June 2013
Craig Mongeau - June 2013
The recent catastrophic F5 tornado that devastated Moore, Okla., is yet another tragedy that should inspire us to ask the question, “What can we do to prevent something like this from ever happening again?”
We ask ourselves this question all the time when human lives are lost. Most often, we search for answers and preventive measures to man-made tragedies, such as mass murders like what happened in Newtown, Conn., last year, or for financial disasters like the housing crisis in the late 2000s. The list can go on and on for these. But what about when nature is the one causing the mass harm? Is there anything we can do to stop it from causing death and widespread destruction costing billions of dollars? Seems there could be an answer and a way to prevent tornados but only if we get serious and find the resources to do it.
According to “Popular Science,” recent research reveals that for a tornado to form it needs both a cold, rainy downdraft and a warm updraft, which suggests that if you just could heat the downdraft, there’d be no tornado. Popular Science goes on to say that blasting the downdraft with microwaves from a fleet of satellites would starve the fledgling tornado and destroy before it ever got started. The European Space Agency has funded initial studies on building this type of satellite, though it hopes to use the satellites as high-altitude solar-power stations, not as weather modifiers.

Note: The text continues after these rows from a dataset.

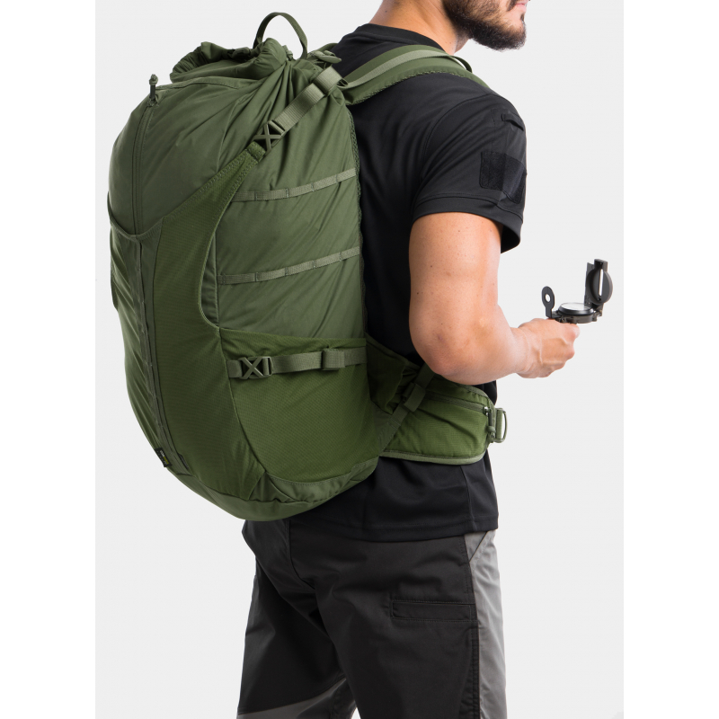 Ramenní popruhy batohu jsou polstrované a pokryté 3D síťovinou, což zajišťuje vysoký komfort při nošení. Pohodlný bederní pás je lehce polstrovaný a vybavený dvěma kapsami na malou elektroniku či doklady. Boky batohu jsou vybaveny MOLLE/PALS vazbou, která umožňuje rozšíření kapacity batohu o další kapsy, sumky a vybavení.
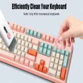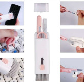 این کیت تمیزکننده 7 کاره شامل 1 برس بزرگ با تراکم بالا، 1 عدد پد تمیز کننده فیبری (مخصوص سطوح مانند مانیتور) ، 1 قلم تمیز کننده گوشی (شامل نوک فلزی، اسفنج و مینی برس با چگالی بالا)، 1 عدد کلیدکش کیبورد و 1 بطری اسپری می باشد. این سرویس پاک کننده چند منظوره می تواند هر خواسته شما را برای تمیز کردن وسایل الکترونیکی برآورده کند. اولین ابزار یک خودکار تمیزکننده تاشو با نوک سیلیکونی، برس کوچک سخت و اسفنج جمعکننده کثیفی ها ، مناسب برای تمیز کردن ایرپاد و سایر هدفونها یا هندزفری ها. نوک سیلیکونی برای تمیز کردن لکه های شکاف است. دومین ابزار برس کوچک برای تمیز کردن گرد و غبار سطوح عمیق و اسفنج دسته دار برای تمیز کردن حفره های کیس شارژ ایرپاد ها میباشد. ابزار سوم تمیز کننده لپ تاپ، رایانه، تبلت و صفحه کلید می باشد کافیست برس نرم بزرگ را بکشید تا گرد و غبار روی رایانه، لپ تاپ، تبلت و صفحه کلید پاک شود. و همچنین می توانید از کلیدکش کیبورد جدا کردن کلیدهای صفحه کلید مکانیکی برای انجام این کار استفاده کنید. ابزار بعدی تمیز کننده مانیتور، صفحه نمایش، دوربین، ساعت و تلویزیون میباشد: در کنار یک بطری خالی اسپری 5 میلیلیتری، مایع تمیزکننده یا آب را درون بطری قرار میدهید و از صفحه فیبری برای تمیز کردن صفحههای مختلف استفاده میکنید. به عنوان مثال صفحات نمایش ، تلویزیون، ساعت، دوربین و غیره.اندازه جمع و جور و سبک وزن: 7 ابزار تمیز کردن کامپیوتر به طور مرتب در یک جعبه مستطیلی قرار گرفته اند. اندازه کیت پاک کننده فقط 4.88 * 1.73 * 1.18 اینچ و وزن آن تقریبا 80 گرم است. برای سفر به اندازه کافی کوچک است و می توانید آن را حمل کنید. در همین حال، شما همچنین می توانید هر ابزار تمیز کننده ای را به طور جداگانه بیرون بیاورید.
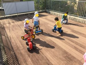 二階のデッキで乗り物に乗ったり
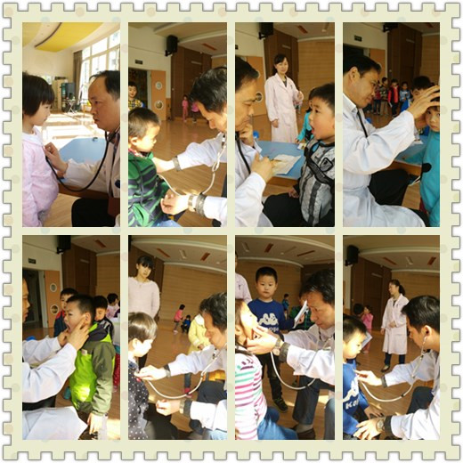 医生叔叔在给我们检查心跳、五官、视力和听力呢!我们很乖。
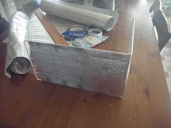 出窓の日除けに100均のキッチン用アルミシートを張りました
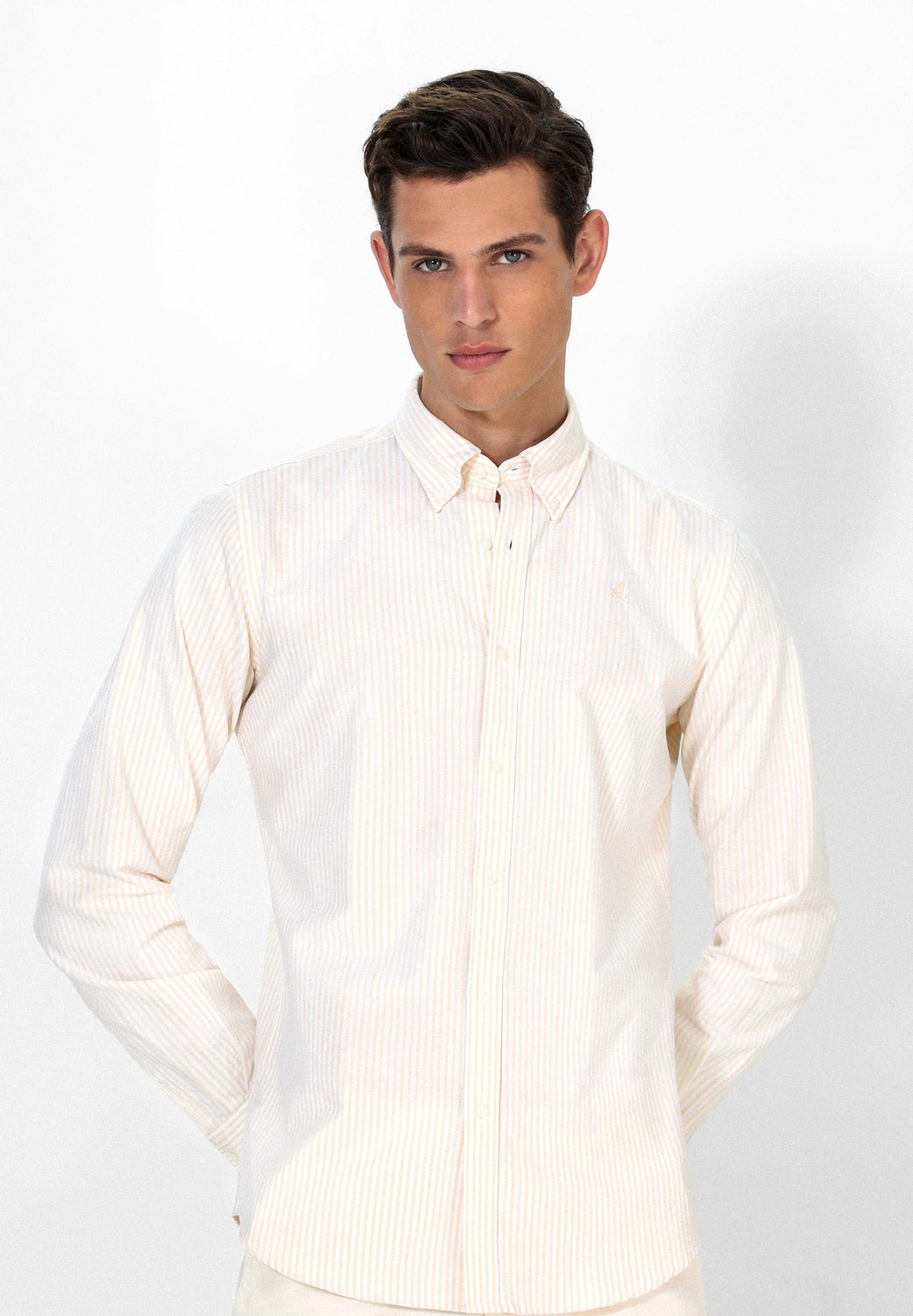 Camisa confeccionada en tejido 100% orgánico. Corte Regular Fit, cuello con botones y cierre con botones. Manga larga terminada en puño simple y detalle de calavera a contraste.
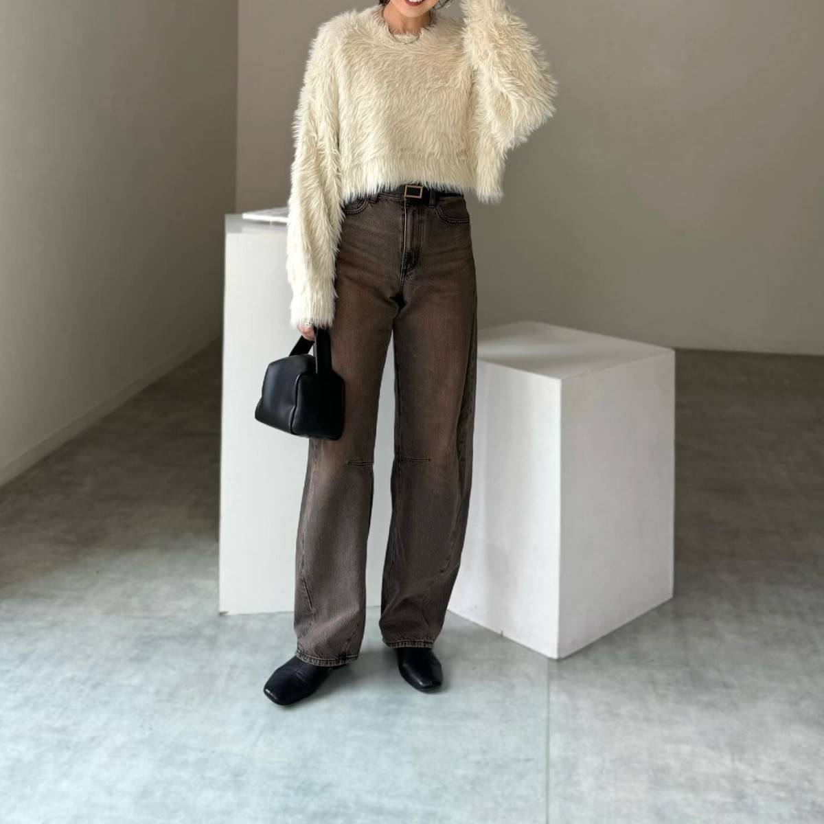 【1月編】いい女見えするニットコーデ⑤フェザーニット×デニムパンツ
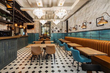 - Камерное сетевое кафе с пиццей и спешелти кофе на Триумфальной площади
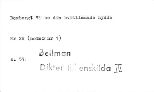 //// Boxberg? Vii. sa din hvitlåtamade hydda //// Nr 28 (nnfterrnr 1) //// Bellman //// s. 57, onskida BZ ////
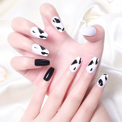黑白款 指甲片 美甲 批發指甲貼網紅顯白指甲貼果凍膠美甲貼片鑲鑽可拆卸穿戴假指甲片 長版型 Y10
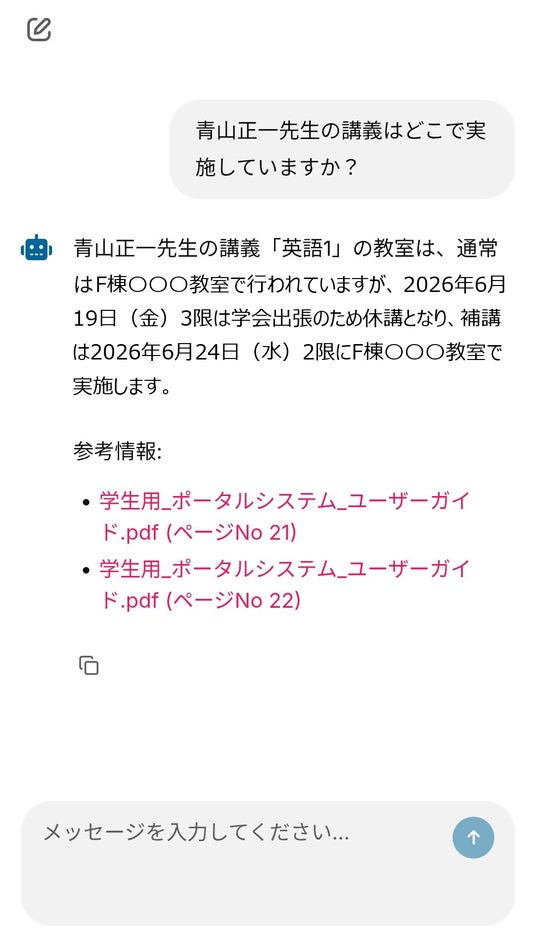 大和大学は、常に新たな取り組みを積極的に推進し、大学価値の向上を目指しています。2024年4月には、全国に先駆けてデジタル学生証を導入。独自アプリによる出席管理や、QRコードを用いた図書館入館・貸出システムを採用するなど、DX化を加速させています。今回こうした取り組みをさらに発展させるため、新たに大学ポータルシステム上で動作するAIチャットボットサービスの導入に向け、実証実験を開始することとなりました。
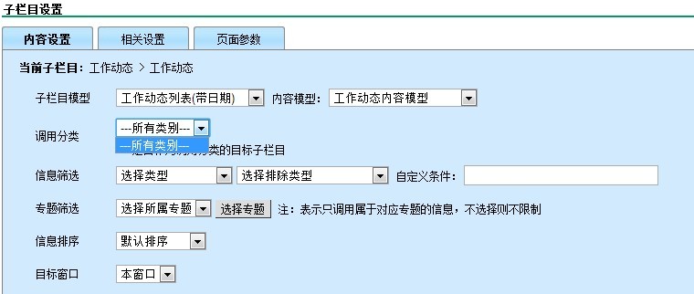 子栏目里的调用分类是来自哪儿的?
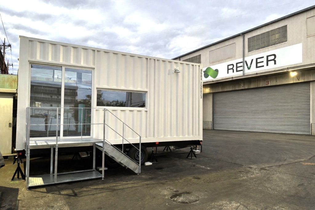 こちらのトレーラーハウスは、建屋建て替え工事の仮設事務所としてご活用いただいております。
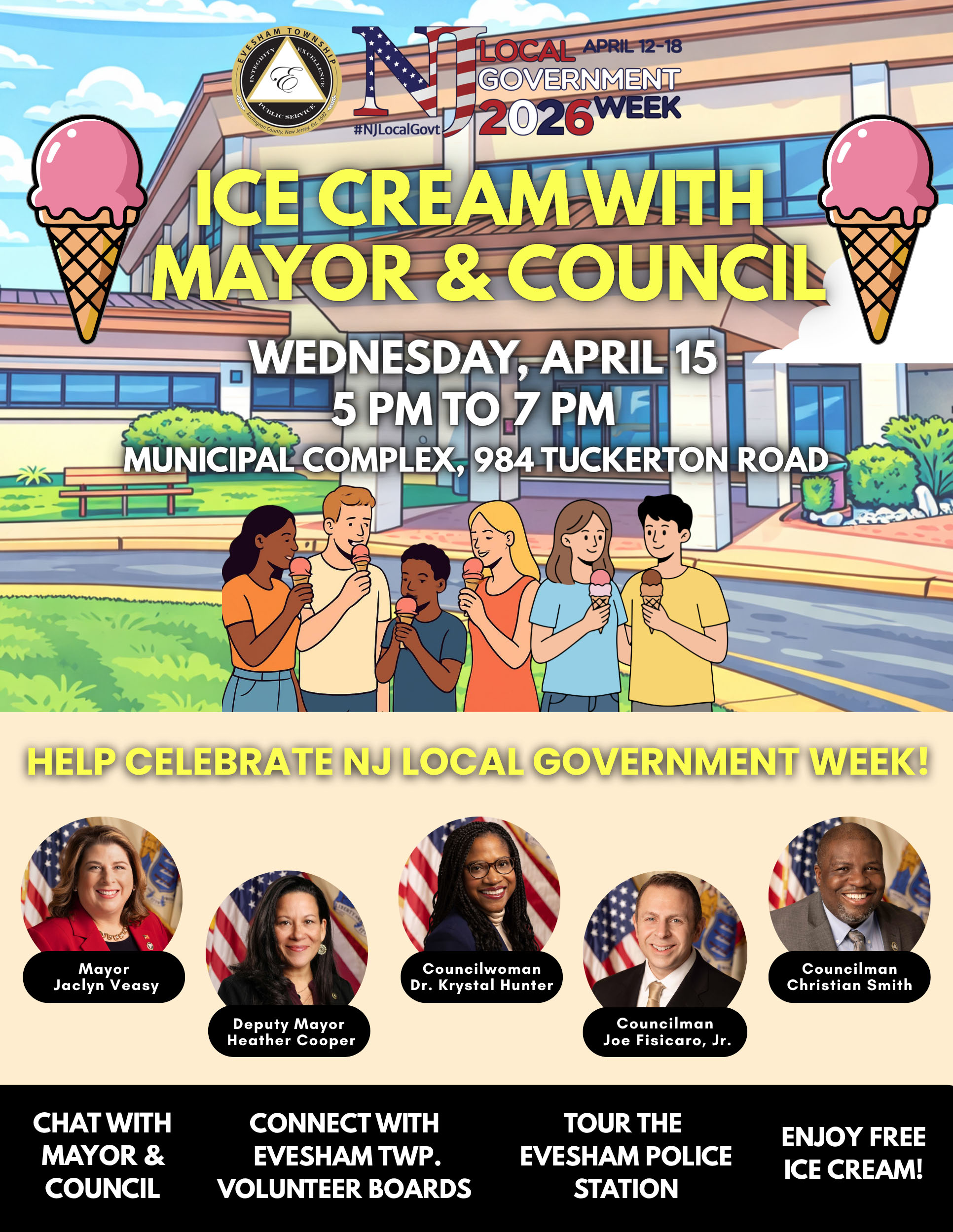 Or, if you prefer a sweet treat, join us for Ice Cream with Mayor and Council on Wednesday, April 15, from 5 p.m. to 7 p.m. at the Evesham Municipal Complex at 984 Tuckerton Road. In addition to the free ice cream, you can tour the Evesham Police Station and learn about the work of our township volunteer boards.

The United States should get involved with this. Yes, that’s more money, but we spend an enormous amount of money each year on natural disaster rescue, recovery and cleanup. We already have fleets of satellites used for cell phones, GPS, mapping, solar system exploration and spying. Investing in technology to control the weather not only makes sense from the human standpoint, but it also makes sense from an economic standpoint. This does not have to be science fiction; the technology and the know-how are there. We just need to get serious about it and stop asking the same questions every time this happens.